Create and Switch in One Command

# Old way (two commands)
git branch feature/new-login
git checkout feature/new-login

# New way (one command)
git switch -c feature/new-login

See All Branches (Local and Remote)

git branch -a

Delete Branches Safely

# Delete local branch (only if merged)
git branch -d feature/old-branch

# Force delete local branch
git branch -D feature/old-branch

# Delete remote branch
git push origin --delete feature/old-branch

Clean Up Stale Remote Branches

# Remove references to deleted remote branches
git fetch --prune

The Power of Stash

Stash lets you temporarily shelve changes without committing.

# Stash current changes
git stash

# Stash with a descriptive message
git stash push -m "WIP: halfway through refactoring auth"

# List all stashes
git stash list

# Apply most recent stash (keeps it in stash list)
git stash apply

# Apply and remove from stash list
git stash pop

# Apply a specific stash
git stash apply stash@{2}

# Drop a specific stash
git stash drop stash@{0}

Rebase: Cleaner History

Rebasing rewrites history to create a linear commit timeline. Use it to keep your feature branch up to date.

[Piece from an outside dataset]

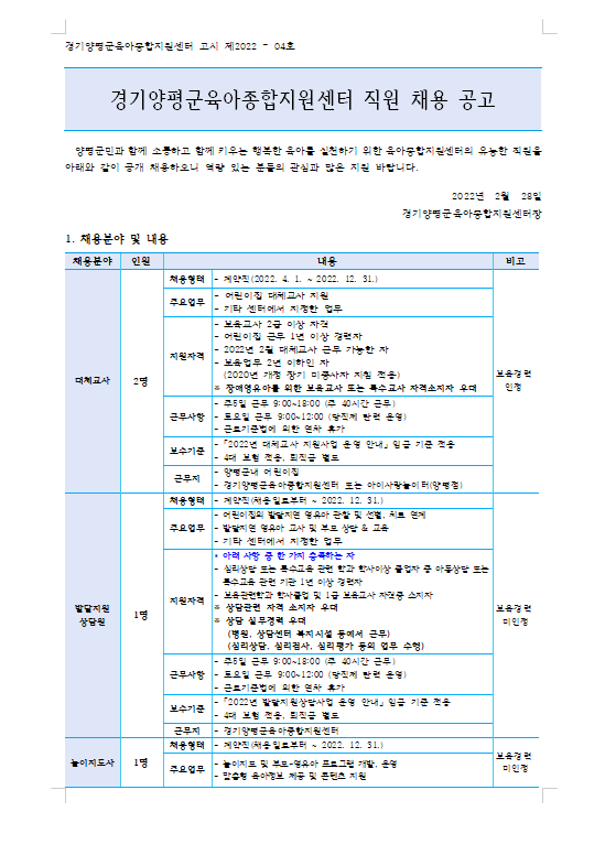 ºÙÀÓ1. 2022³â Á¦4Â÷ ¾çÆò±ºÀ°¾ÆÁ¾ÇÕÁö¿ø¼¾ÅÍ Á÷¿øÃ¤¿ë °ø°í¹®_0228.hwp

# Rebase your feature branch onto main
git checkout feature/my-feature
git rebase main

# Interactive rebase to squash/edit last 3 commits
git rebase -i HEAD~3

Interactive Rebase Commands

When you run git rebase -i, you’ll see options like:

  • pick — keep the commit as-is
  • squash — combine with previous commit
  • reword — change the commit message
  • edit — pause to amend the commit
  • drop — remove the commit entirely

Pro tip: Squash your WIP commits before merging a PR:

# Squash all commits on your branch into one
git rebase -i main
# Then change all but the first "pick" to "squash"

Finding Things

Search Commit History

# Find commits containing a specific message
git log --grep="authentication"

# Find commits that changed a specific file
git log -- path/to/file.js

# Find who changed a specific line
git blame path/to/file.js

Find When a Bug Was Introduced

# Binary search through commits
git bisect start
git bisect bad              # Current commit is broken
git bisect good abc123      # This old commit was working

# Git will checkout commits for you to test
# After testing each:
git bisect good  # or
git bisect bad

# When done:
git bisect reset

Working with Remotes

View Remote URLs

git remote -v

Add Multiple Remotes

# Add upstream for a forked repo
git remote add upstream https://github.com/original/repo.git

# Fetch from upstream
git fetch upstream

# Merge upstream changes into your branch
git merge upstream/main

Push a New Branch

# Push and set upstream tracking
git push -u origin feature/my-feature

Cherry-Pick: Selective Commits

Apply specific commits from another branch:

# Apply a single commit to current branch
git cherry-pick abc123

# Apply multiple commits
git cherry-pick abc123 def456

# Cherry-pick without committing (just stage changes)
git cherry-pick --no-commit abc123

Useful Aliases

Add these to your ~/.gitconfig:

[alias]
  co = checkout
  br = branch
  ci = commit
  st = status
  unstage = reset HEAD --
  last = log -1 HEAD
  visual = log --oneline --graph --decorate --all
  amend = commit --amend --no-edit

Now you can use git visual for a beautiful branch graph or git amend to quickly add to your last commit.

The Golden Rules

  1. Commit often, push regularly — Small commits are easier to review and revert
  2. Never rebase shared branches — Only rebase your own feature branches
  3. Write meaningful messages — Your future self will thank you
  4. Use branches liberally — They’re cheap and keep work isolated
  5. Review before pushinggit diff --staged is your friend

Git has a learning curve, but mastering it pays dividends every day. What’s your favorite Git trick? Drop it in the comments!